İktidarın muradı belli: İş Bankası’nda dokunamadığı Atatürk hisselerini havuza akıtacak.

Mesut Yılmaz başbakanlığındaki hükümet, 1998 Mayıs’ında bugünkü yönetimden farklı bir tutum alıyor: Bundan 22 yıl önce, İş Bankası yüzde 12.3’lük Hazine hissesini 625 milyon dolar karşılığında halka arz ediyor.

Türkiye Sınai Kalkınma Bankası (TSKB), yurt içinde ve dışında 3.5 ayda tamamladığı halka arzı “uluslararası bir rekor” olarak niteliyordu...

★★★

T.C. Hazinesi, Cumhuriyet’in sanayileşmesini desteklemek için o dönemlerde kurulan bankaların çoğunda hissedardı. Sanayiden gelen büyümeyle; eğitim, sağlık, ulaşım, barınma hizmetleri vermeyi, yoksullukla mücadele etmeyi görev belliyordu!



Mustafa Kemal Atatürk, 1923 İzmir İktisat Kongresi’nde ne demişti: Siyasi, askerî zaferler ne kadar büyük olursa olsunlar, ekonomik zaferlerle taçlandırılmazsa kazanılan zaferler kalıcı olmaz, az zamanda kaybedilir.

★★★

26.08.2016 tarihli yazımın başlığı: “Özince: Yerimde oturacak darbecinin adı bile belliydi”

Dönemin Ekonomi Bakanı Nihat Zeybekci başkanlığında iş dünyası temsilcileri ve İş Bankası Yönetim Kurulu Başkanı Ersin Özince’nin de aralarında olduğu heyetle İtalya’ya girmiştik...

İtalyan TÜSİAD’ı Confindustria’da (İtalyan Sanayi Konfederasyonu) yapılan bir toplantıydı... 15 Temmuz FETÖ darbesine karşı, toplumun demokrasiye sahip çıktığını anlatmak için düzenlenen Avrupa turunun bir ayağıydı.

Özince’nin konuşmasının önemi, “iktidarı temsil” etmemesinden geliyordu!

Özince yerine bir kamu bankasının başkanı bu sözleri söyleseydi aynı etki olur muydu?

★★★

CHP eski Milletvekili ve İş Bankası’nın 2017-2019 dönemi Yönetim Kurulu Üyesi Müslim Sarı’yı 2018 yılına götürüyorum.

Erdoğan, o zaman da İş Bankası’ndaki CHP hisselerinin Hazine’ye devrini istemişti.

Sarı “2018’deki söylem sadece niyet beyanı olmasına karşılık, İş Bankası hisseleri değer kaybetti.
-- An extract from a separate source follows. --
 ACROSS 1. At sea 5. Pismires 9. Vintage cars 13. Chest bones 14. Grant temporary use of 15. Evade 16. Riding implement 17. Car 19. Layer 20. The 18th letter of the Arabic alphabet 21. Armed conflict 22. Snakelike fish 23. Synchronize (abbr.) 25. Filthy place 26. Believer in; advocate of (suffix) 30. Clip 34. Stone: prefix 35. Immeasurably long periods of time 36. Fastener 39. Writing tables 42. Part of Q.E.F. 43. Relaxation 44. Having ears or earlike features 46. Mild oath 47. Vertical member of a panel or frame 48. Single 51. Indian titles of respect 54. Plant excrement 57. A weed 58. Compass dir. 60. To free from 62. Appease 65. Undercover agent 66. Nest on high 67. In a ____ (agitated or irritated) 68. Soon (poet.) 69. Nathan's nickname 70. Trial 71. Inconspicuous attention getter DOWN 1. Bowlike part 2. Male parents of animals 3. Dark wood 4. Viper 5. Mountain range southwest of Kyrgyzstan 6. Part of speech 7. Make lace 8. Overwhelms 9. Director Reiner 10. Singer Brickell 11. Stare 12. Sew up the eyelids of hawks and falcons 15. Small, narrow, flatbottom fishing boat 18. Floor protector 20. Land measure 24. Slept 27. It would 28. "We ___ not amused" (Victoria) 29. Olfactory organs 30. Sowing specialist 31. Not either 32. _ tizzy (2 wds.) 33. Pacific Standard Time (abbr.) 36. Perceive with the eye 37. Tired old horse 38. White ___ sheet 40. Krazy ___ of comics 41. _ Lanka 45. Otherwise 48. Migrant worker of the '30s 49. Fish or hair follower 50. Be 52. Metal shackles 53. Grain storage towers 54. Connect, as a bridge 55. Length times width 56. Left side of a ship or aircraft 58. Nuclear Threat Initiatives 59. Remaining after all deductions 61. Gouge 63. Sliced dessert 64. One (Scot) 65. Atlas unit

Sermaye artırmak zorunda kaldık. Erdoğan’ın bu açıklamaları SPK Kanunu’na göre suçtur. Bankanın itibarını zedeliyor. Yatırımcının mülkiyet ve miras hukukuna güveni sarsılıyor” diyor.
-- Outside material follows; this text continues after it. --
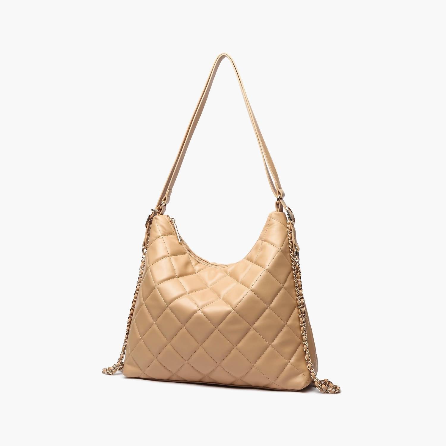 Introducing the Women's Quilted Vegan Leather Convertible Shoulder Bag by Like Dreams, an embodiment of versatility in chic camel. This convertible piece, crafted from luxurious vegan leather, seamlessly transitions from a tote to a backpack to a purse, all while keeping your essentials organized with its inner zip pocket and outer zip closure. The bag's dimensions of 13" width, 10.5" height, and 4" depth make it an ideal companion for both everyday errands and special occasions. Perfectly finished with adjustable chain-detailed straps, this stylish accessory is a must-have in any fashion-forward wardrobe.

Türkiye ekonomisinin yıllık döviz ihtiyacının 200 milyar dolar seviyelerinde olduğuna da dikkat çekiyor.

Atatürk ilkelerini yaşatan kurumlara karşı!


İş Bankası’nın ortaklık yapısı: İş Bankası Munzam Sandık Vakfı: Yüzde 39.10, Atatürk hisseleri: Yüzde 28.09, Halka açık pay: Yüzde 32.81.
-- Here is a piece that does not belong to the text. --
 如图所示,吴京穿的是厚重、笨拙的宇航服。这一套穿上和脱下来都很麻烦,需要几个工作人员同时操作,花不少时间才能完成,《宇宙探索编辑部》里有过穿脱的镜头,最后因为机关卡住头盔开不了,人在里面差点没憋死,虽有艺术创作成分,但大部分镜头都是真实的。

Türk Dil Kurumu ve Türk Tarih Kurumu, Atatürk hisselerinden doğan temettü gelirleri ile ayakta duruyor.

İş Bankası Yönetim Kurulu’nda 11 üye yer alıyor. Bunun 6’sı İş Bankası çalışanlarının kurduğu Munzam  Sandık Vakfı’nı, 1’i halka açık hisseleri, 4’ü de CHP hisselerini temsil ediyor.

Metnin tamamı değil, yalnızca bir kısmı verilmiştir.